Assigned task
When the data below is printed, every line must match exactly and the images must be absent.

----------------

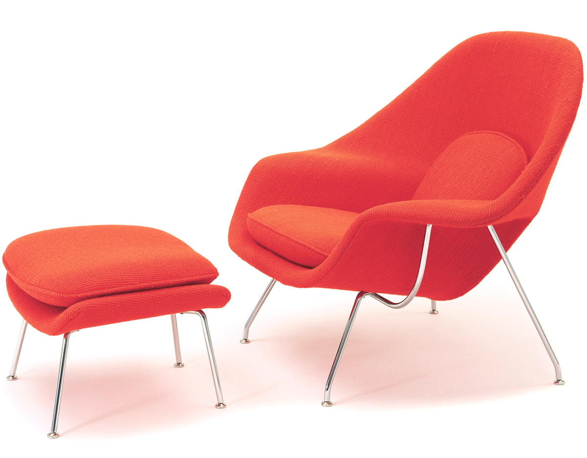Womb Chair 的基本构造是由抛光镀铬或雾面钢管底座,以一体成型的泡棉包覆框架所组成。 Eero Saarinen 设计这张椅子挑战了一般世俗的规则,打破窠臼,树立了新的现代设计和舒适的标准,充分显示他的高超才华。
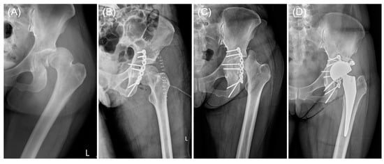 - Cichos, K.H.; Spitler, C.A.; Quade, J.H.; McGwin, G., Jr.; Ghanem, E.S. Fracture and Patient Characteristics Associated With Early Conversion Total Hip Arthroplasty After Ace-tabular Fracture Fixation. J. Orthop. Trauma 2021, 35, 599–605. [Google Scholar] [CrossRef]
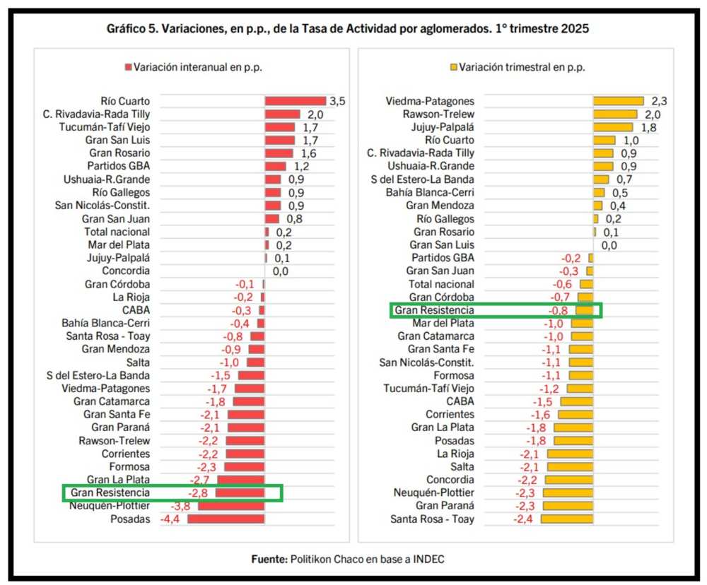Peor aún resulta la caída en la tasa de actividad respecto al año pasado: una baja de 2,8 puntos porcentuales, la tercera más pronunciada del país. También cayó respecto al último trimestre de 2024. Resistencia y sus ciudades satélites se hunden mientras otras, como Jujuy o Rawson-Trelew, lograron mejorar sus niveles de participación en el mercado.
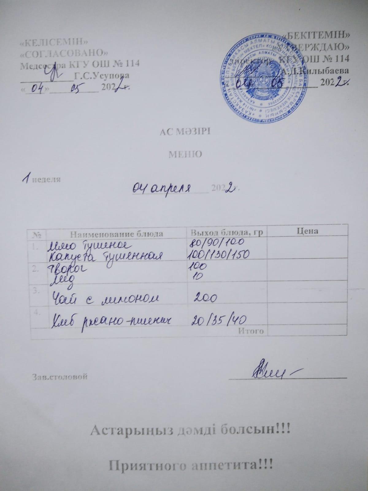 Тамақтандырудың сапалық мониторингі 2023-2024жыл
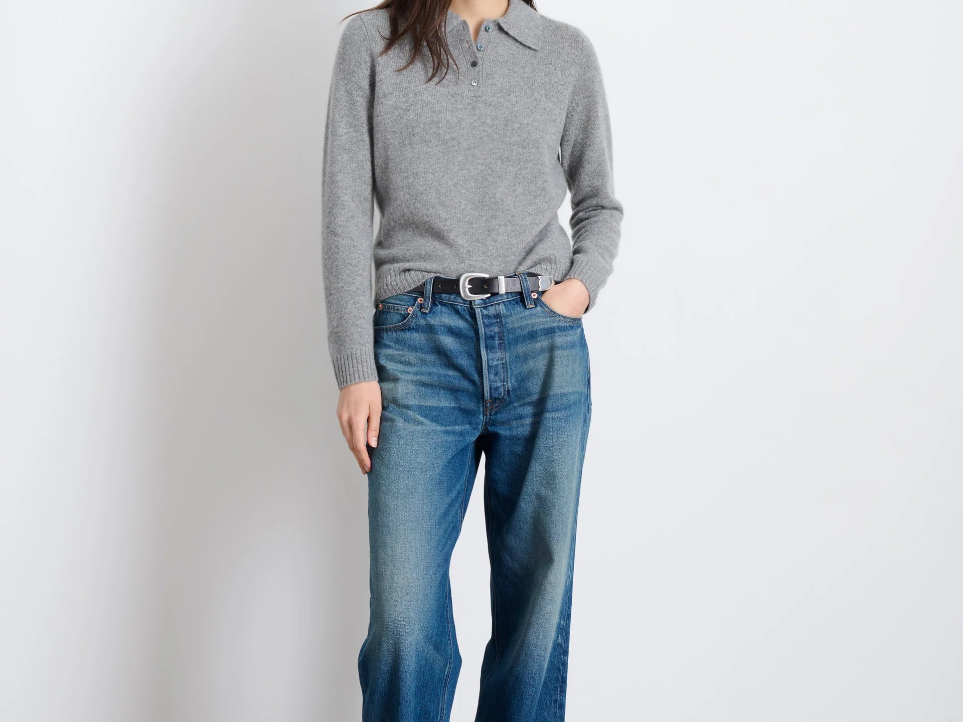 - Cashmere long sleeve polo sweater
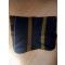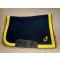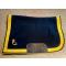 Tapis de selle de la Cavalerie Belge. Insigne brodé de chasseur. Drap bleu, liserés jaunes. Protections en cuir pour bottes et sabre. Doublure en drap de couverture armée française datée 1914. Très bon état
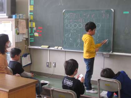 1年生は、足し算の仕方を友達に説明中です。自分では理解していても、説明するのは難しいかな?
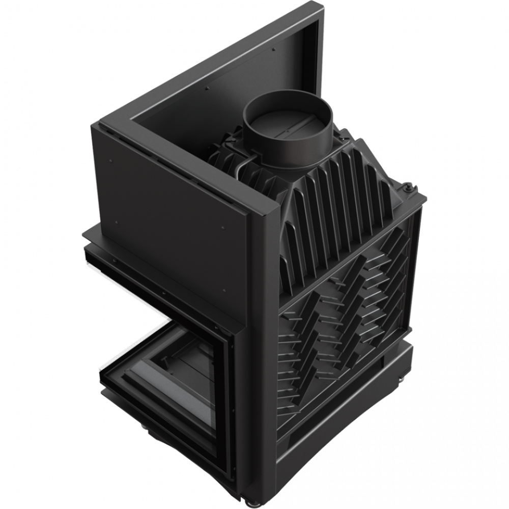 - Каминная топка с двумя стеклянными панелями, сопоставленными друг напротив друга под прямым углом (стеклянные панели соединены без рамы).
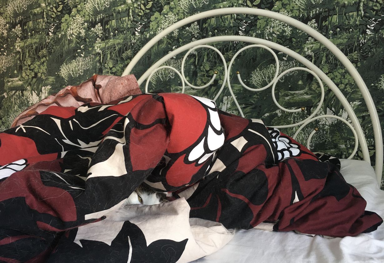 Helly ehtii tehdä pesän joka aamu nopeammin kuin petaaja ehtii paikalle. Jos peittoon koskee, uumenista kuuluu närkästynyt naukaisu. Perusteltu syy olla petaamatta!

----------------

Exercise response
Womb Chair 的基本构造是由抛光镀铬或雾面钢管底座,以一体成型的泡棉包覆框架所组成。 Eero Saarinen 设计这张椅子挑战了一般世俗的规则,打破窠臼,树立了新的现代设计和舒适的标准,充分显示他的高超才华。
 - Cichos, K.H.; Spitler, C.A.; Quade, J.H.; McGwin, G., Jr.; Ghanem, E.S. Fracture and Patient Characteristics Associated With Early Conversion Total Hip Arthroplasty After Ace-tabular Fracture Fixation. J. Orthop. Trauma 2021, 35, 599–605. [Google Scholar] [CrossRef]
Peor aún resulta la caída en la tasa de actividad respecto al año pasado: una baja de 2,8 puntos porcentuales, la tercera más pronunciada del país. También cayó respecto al último trimestre de 2024. Resistencia y sus ciudades satélites se hunden mientras otras, como Jujuy o Rawson-Trelew, lograron mejorar sus niveles de participación en el mercado.
 Тамақтандырудың сапалық мониторингі 2023-2024жыл
 - Cashmere long sleeve polo sweater
 Tapis de selle de la Cavalerie Belge. Insigne brodé de chasseur. Drap bleu, liserés jaunes. Protections en cuir pour bottes et sabre. Doublure en drap de couverture armée française datée 1914. Très bon état
 1年生は、足し算の仕方を友達に説明中です。自分では理解していても、説明するのは難しいかな?
 - Каминная топка с двумя стеклянными панелями, сопоставленными друг напротив друга под прямым углом (стеклянные панели соединены без рамы).
 Helly ehtii tehdä pesän joka aamu nopeammin kuin petaaja ehtii paikalle. Jos peittoon koskee, uumenista kuuluu närkästynyt naukaisu. Perusteltu syy olla petaamatta!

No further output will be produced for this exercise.